##### Source data #####

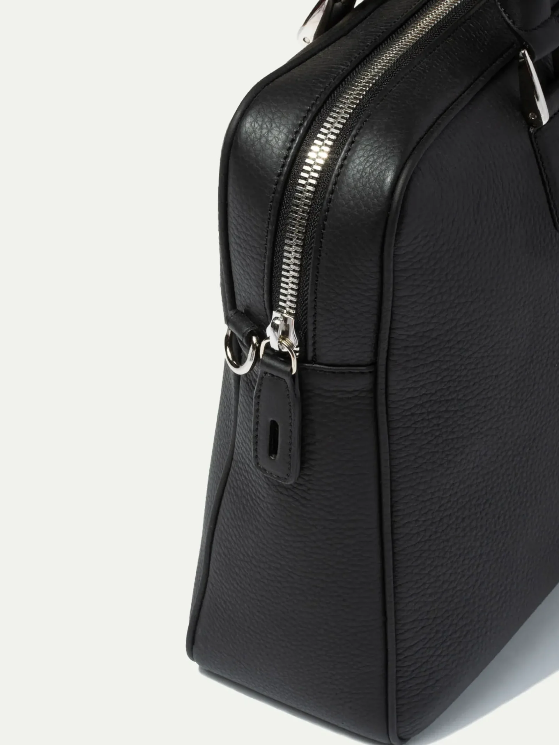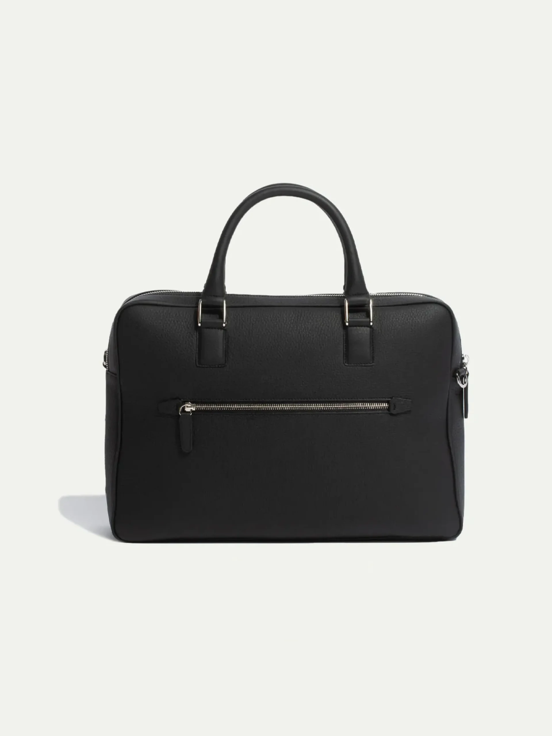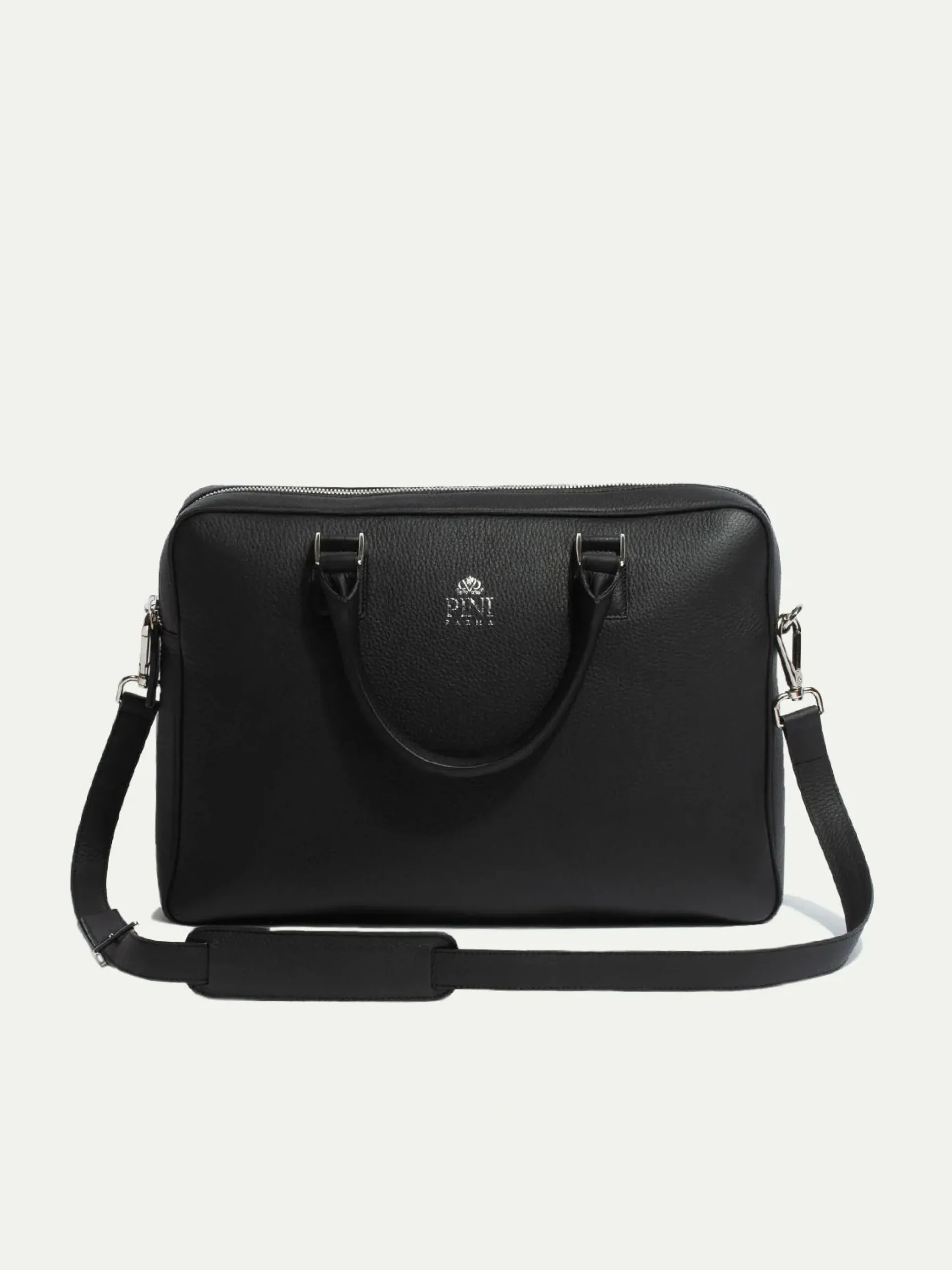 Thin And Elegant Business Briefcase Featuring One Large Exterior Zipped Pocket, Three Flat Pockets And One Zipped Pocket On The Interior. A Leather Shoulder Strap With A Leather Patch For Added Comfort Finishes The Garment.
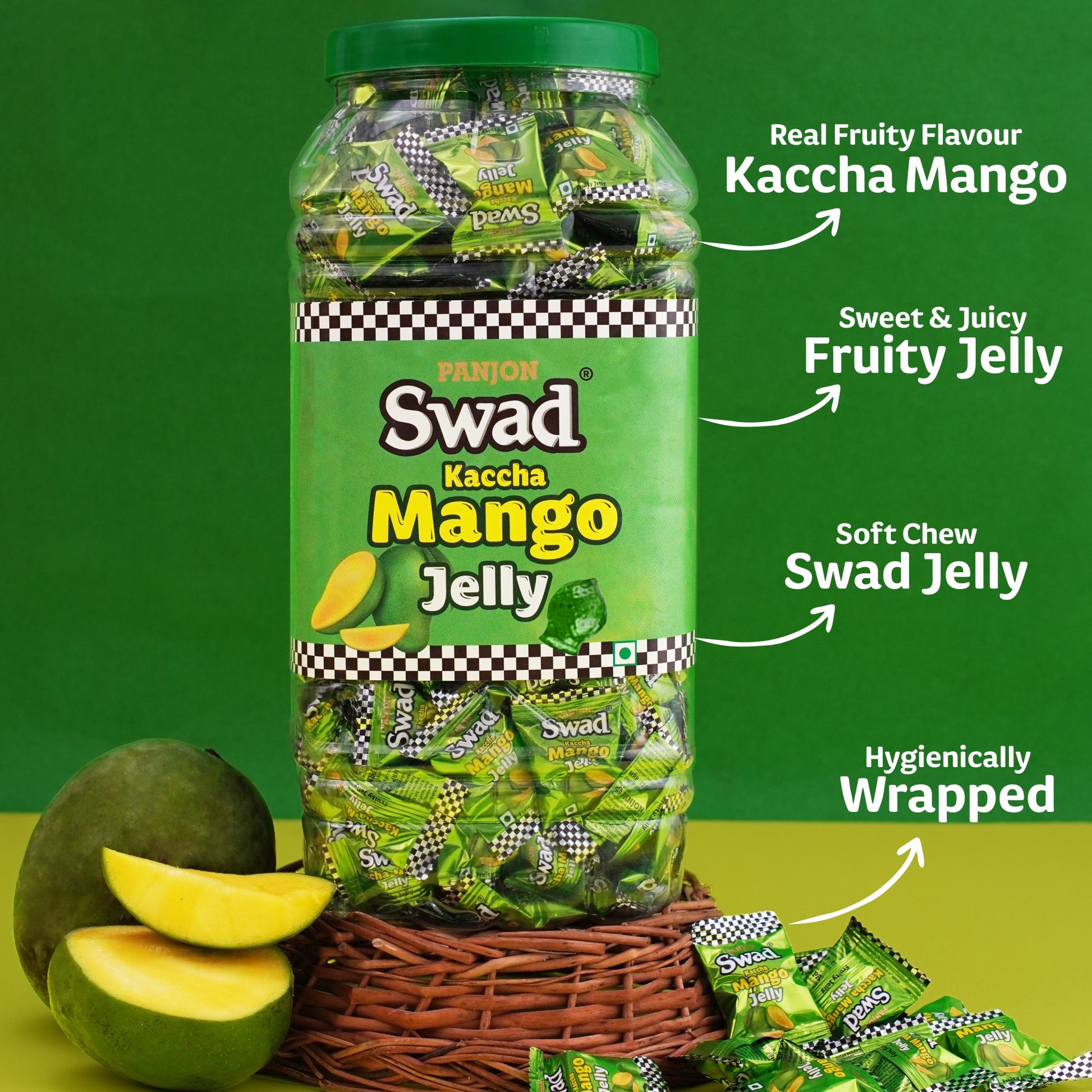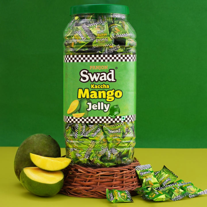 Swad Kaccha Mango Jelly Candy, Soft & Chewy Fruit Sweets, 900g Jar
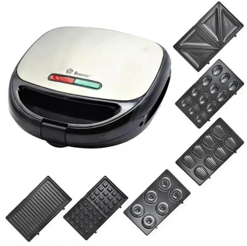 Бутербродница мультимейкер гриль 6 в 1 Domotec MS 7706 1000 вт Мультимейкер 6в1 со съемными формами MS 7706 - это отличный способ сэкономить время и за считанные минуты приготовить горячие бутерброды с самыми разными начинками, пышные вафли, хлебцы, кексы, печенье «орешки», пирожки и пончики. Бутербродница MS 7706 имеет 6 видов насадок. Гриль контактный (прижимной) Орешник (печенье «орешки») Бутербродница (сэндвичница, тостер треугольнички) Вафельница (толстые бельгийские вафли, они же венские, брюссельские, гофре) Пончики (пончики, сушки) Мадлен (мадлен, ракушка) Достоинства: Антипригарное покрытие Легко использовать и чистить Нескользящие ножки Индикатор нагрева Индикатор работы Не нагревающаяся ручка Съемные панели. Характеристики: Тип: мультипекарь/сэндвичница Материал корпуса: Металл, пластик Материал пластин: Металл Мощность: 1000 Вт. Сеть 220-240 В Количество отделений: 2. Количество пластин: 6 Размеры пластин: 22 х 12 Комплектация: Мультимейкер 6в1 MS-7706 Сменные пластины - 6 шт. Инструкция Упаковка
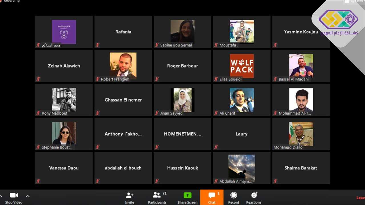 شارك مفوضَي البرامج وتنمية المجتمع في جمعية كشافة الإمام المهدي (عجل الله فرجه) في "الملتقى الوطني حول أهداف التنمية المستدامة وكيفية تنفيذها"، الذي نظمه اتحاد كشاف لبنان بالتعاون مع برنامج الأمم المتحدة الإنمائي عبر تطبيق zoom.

#####

What you need to do: Return the full listing above verbatim, please, but without its images.

Exercise result:
 Thin And Elegant Business Briefcase Featuring One Large Exterior Zipped Pocket, Three Flat Pockets And One Zipped Pocket On The Interior. A Leather Shoulder Strap With A Leather Patch For Added Comfort Finishes The Garment.
 Swad Kaccha Mango Jelly Candy, Soft & Chewy Fruit Sweets, 900g Jar
 Бутербродница мультимейкер гриль 6 в 1 Domotec MS 7706 1000 вт Мультимейкер 6в1 со съемными формами MS 7706 - это отличный способ сэкономить время и за считанные минуты приготовить горячие бутерброды с самыми разными начинками, пышные вафли, хлебцы, кексы, печенье «орешки», пирожки и пончики. Бутербродница MS 7706 имеет 6 видов насадок. Гриль контактный (прижимной) Орешник (печенье «орешки») Бутербродница (сэндвичница, тостер треугольнички) Вафельница (толстые бельгийские вафли, они же венские, брюссельские, гофре) Пончики (пончики, сушки) Мадлен (мадлен, ракушка) Достоинства: Антипригарное покрытие Легко использовать и чистить Нескользящие ножки Индикатор нагрева Индикатор работы Не нагревающаяся ручка Съемные панели. Характеристики: Тип: мультипекарь/сэндвичница Материал корпуса: Металл, пластик Материал пластин: Металл Мощность: 1000 Вт. Сеть 220-240 В Количество отделений: 2. Количество пластин: 6 Размеры пластин: 22 х 12 Комплектация: Мультимейкер 6в1 MS-7706 Сменные пластины - 6 шт. Инструкция Упаковка
 شارك مفوضَي البرامج وتنمية المجتمع في جمعية كشافة الإمام المهدي (عجل الله فرجه) في "الملتقى الوطني حول أهداف التنمية المستدامة وكيفية تنفيذها"، الذي نظمه اتحاد كشاف لبنان بالتعاون مع برنامج الأمم المتحدة الإنمائي عبر تطبيق zoom.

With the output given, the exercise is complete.